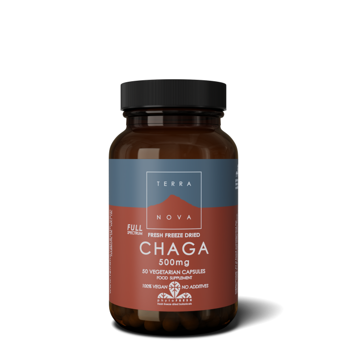 Terranova Full Spectrum Chaga 500 mg, eli pakurikääpä on lehtipuiden lahjoittajasieni ja se kasvaa yleensä koivun rungolla. Se on voimakas adaptogeeni, jolla on lukuisia terveyttä edistäviä ominaisuuksia. Eri kasvuvaiheista kerätty pakuri tarjoaa monipuolisesti erilaisia vaikuttavia aineita, minkä vuoksi tuote on Full Spectrum -laatuinen. Tuorepakastekuivaus säilyttää pakurin bioaktiiviset ominaisuudet koskemattomana. Täyteaineeton, vegaaninen.
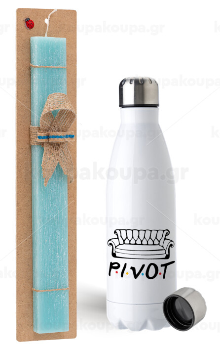 Friends Pivot, Easter Set, metallic stainless steel water bottle (750ml) & aromatic flat Easter candle (30cm) (TURQUOISE)
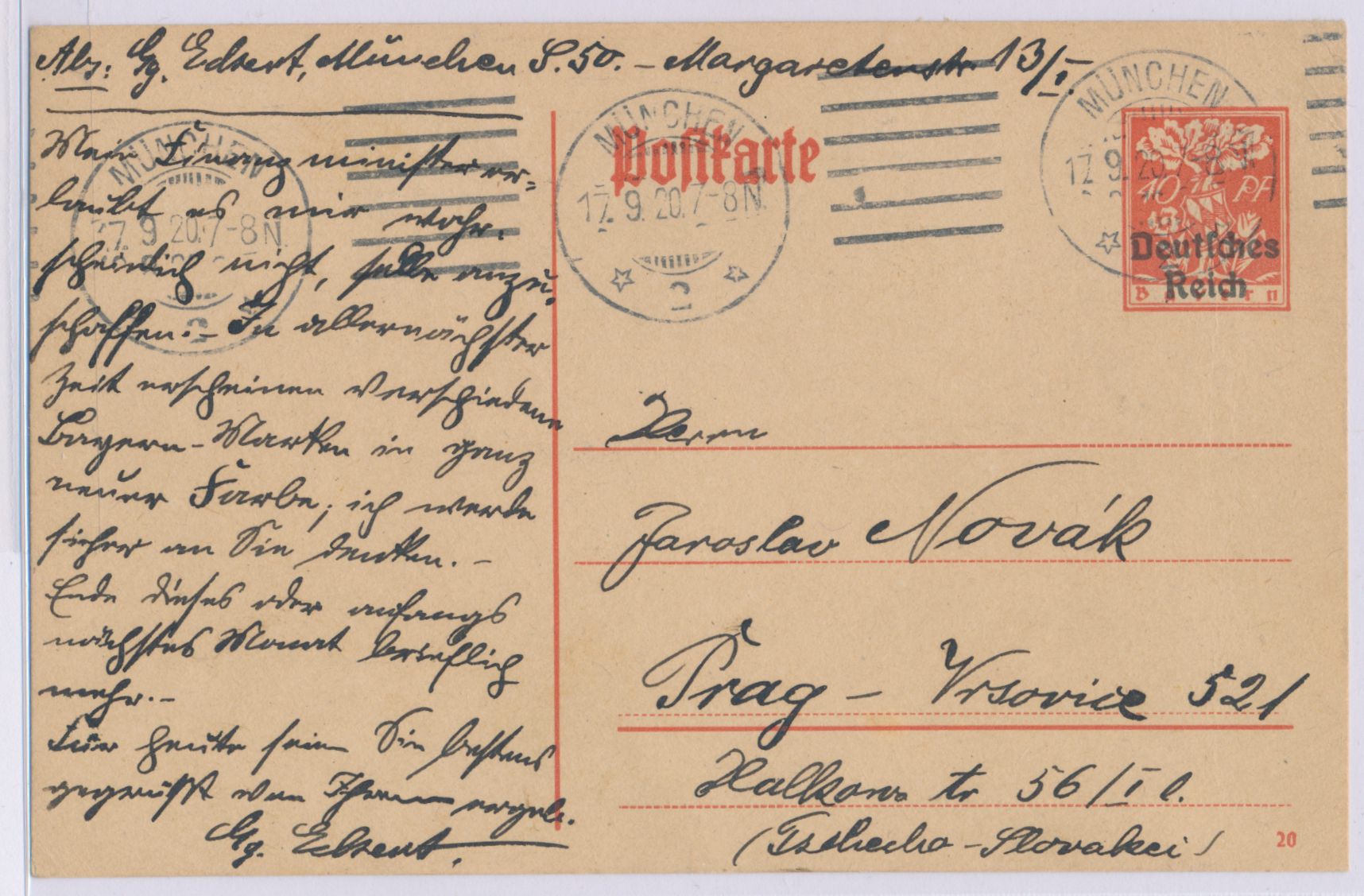 Bayern-Aufbrauchsausgabe 40 Pf. mit Maschinenstempel München 2 17.9.20 nach Prag, seltene portorichtige Auslandsverwendung, Bedarf

+++

WORK TO COMPLETE: Copy the listing verbatim, omitting images.

PROBLEM SOLUTION:
 Terranova Full Spectrum Chaga 500 mg, eli pakurikääpä on lehtipuiden lahjoittajasieni ja se kasvaa yleensä koivun rungolla. Se on voimakas adaptogeeni, jolla on lukuisia terveyttä edistäviä ominaisuuksia. Eri kasvuvaiheista kerätty pakuri tarjoaa monipuolisesti erilaisia vaikuttavia aineita, minkä vuoksi tuote on Full Spectrum -laatuinen. Tuorepakastekuivaus säilyttää pakurin bioaktiiviset ominaisuudet koskemattomana. Täyteaineeton, vegaaninen.
 Friends Pivot, Easter Set, metallic stainless steel water bottle (750ml) & aromatic flat Easter candle (30cm) (TURQUOISE)
 Bayern-Aufbrauchsausgabe 40 Pf. mit Maschinenstempel München 2 17.9.20 nach Prag, seltene portorichtige Auslandsverwendung, Bedarf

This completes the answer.